FIG. 2 is a perspective view of an embodiment of the present invention. However, the core is excluded.

FIG. 3 is a perspective view of a core support plate according to an embodiment of the present invention.

FIG. 4 is a perspective view of a core.

FIG. 5 is a plan view of another embodiment of the present invention.

6 is a side view taken along the line AA of FIG.

FIG. 7 is a perspective view of a core fixing plate according to another embodiment of the present invention.

FIG. 8 is an explanatory view showing a state where a core fixing plate of another embodiment of the present invention is attached to a conductor.

FIG. 9 is a perspective view of the core fixing plate with the pressing portion bent.

FIG. 10 is a perspective view of a core.

FIG. 11 is a schematic perspective view of a heating coil.

FIG. 12 is a perspective view of an upper portion of a multistage shaft.

[Explanation of symbols]

 21, 23 core 31 core support plate 33 core fixing plate 100 heating coil 333 pressing part

Claims (2)

[Scope of utility model registration request] 1. A structure for attaching a core to a high frequency induction heating coil, wherein the core is adhered to the coil and disposed on a core support plate having one end portion brazed to the coil.
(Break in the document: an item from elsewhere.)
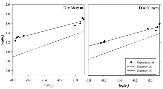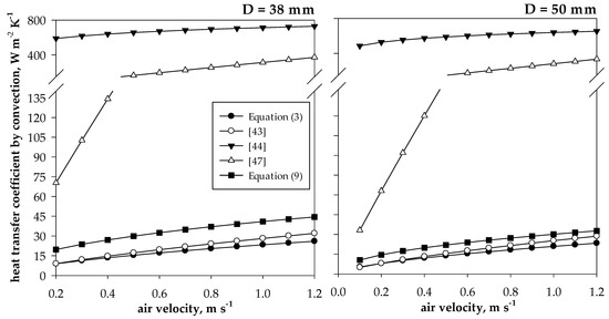 The obtained results are depicted in Figure 4 on a logarithmic scale as a function of the air velocity. The coefficients for Equations (5), (8) and (9), obtained by means of simple/multivariable regressions with Sigma Plot [66] are summarized in Table 5. Table 6 also summarizes coefficients for Equation (5) obtained in other literature studies [20,43,44,47].

A structure for attaching a core to a high-frequency induction heating coil, which is characterized in that 2. A structure for attaching a core to a high frequency induction heating coil, wherein the core is adhered to the coil, one end portion is brazed to the coil, and the other end portion is the core. A structure for mounting a core to a high-frequency induction heating coil, wherein the structure is mounted between core fixing plates that are bent so as to press the core.